According to a previous article published about the course in The New York Times, professor Brand had suspected that the wooded area near Lislehurst was once the site of Mount Woodham, which was one of the three homes built by the Schreiber family on the property now owned by the University of Toronto.
One of the goals of the course is to help document the lands that make up UTM as the school approaches its 50th anniversary. It is also to provide an understanding on how communities developed in early Ontario. Through these courses, students enrolled in ANT318 and ANT418 will work on locating Mount Woodham with the investigative tools and evaluations provided by the courses.
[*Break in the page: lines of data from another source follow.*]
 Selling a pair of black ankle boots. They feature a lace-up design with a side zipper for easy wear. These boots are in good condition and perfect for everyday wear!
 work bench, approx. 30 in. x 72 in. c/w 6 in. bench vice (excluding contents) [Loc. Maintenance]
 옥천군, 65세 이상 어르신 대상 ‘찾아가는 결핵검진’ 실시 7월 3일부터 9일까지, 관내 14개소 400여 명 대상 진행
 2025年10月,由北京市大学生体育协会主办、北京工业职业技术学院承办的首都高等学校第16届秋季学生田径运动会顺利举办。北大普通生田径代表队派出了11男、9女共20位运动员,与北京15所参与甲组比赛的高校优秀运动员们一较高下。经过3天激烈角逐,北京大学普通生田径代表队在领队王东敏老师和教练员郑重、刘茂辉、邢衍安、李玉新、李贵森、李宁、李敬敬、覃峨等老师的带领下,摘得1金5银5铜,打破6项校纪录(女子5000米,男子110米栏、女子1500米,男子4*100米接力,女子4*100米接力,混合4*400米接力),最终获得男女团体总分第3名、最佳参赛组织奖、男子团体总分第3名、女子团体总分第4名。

“During all our field work, we made a lot of field notes, as we had all our notebooks and we had to record information on terrain, weather, task, crew, and the times and what we did. We also did photography and mapping […] and we learned how to recognize features from the cultural landscape […] and really learned how to think critically about what we were seeing and […] practical experience in the field really helped with that,” says Wojdylo.
Wojdylo recalls marking off a 5×5 meter square grid on the excavation site and then digging up a 1×1 meter surface from the site and mentions how once the two weeks in late August ended, the students went back to their lab to analyze the history behind their discoveries.
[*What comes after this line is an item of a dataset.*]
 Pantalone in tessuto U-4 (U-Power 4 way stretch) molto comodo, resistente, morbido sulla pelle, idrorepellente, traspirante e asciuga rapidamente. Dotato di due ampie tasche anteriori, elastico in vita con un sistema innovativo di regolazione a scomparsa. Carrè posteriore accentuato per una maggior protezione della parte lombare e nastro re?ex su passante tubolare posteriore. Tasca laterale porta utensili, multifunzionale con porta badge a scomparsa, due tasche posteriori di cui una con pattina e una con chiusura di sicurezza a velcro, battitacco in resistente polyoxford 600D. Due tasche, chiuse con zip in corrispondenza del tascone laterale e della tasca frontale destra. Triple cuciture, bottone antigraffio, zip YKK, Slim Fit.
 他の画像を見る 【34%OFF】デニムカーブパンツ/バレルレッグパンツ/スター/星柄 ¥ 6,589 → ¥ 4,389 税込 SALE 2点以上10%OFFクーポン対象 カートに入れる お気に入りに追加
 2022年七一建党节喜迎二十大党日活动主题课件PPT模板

“We dug down until we reached sub soil, sterile soil, so that was probably the most intense, but it was also really fun as it was the part where everyone wanted to get to because it was the most fun [part] of the excavation, ” says Wojdylo.
One of the most memorable moments that Wojdylo recalls while performing field work for the ANT318 course was discovering a fully intact 19th century child’s toy that was a metal horse with a solider riding it.
“We also found a spoon, we found [….] a lot of glass and a lot of rusted metal sheets and curved parts and a lot of different nails, like old nails. And in the lecture we actually analyzed the different types of nails as you move through history […] We also found some porcelain pieces, some ceramic, some bottlenecks, presumably bottle necks, […..] which indicates some human activity in the past,” explains Wojdylo.
As students learn archaeological excavation techniques through the course, Wojdylo mentions how, while the outdoor instruction was both beneficial and enjoyable, the most rewarding experience was experiencing history as she says “the most intriguing thing was asking yourself—what were people doing here 150 years ago?”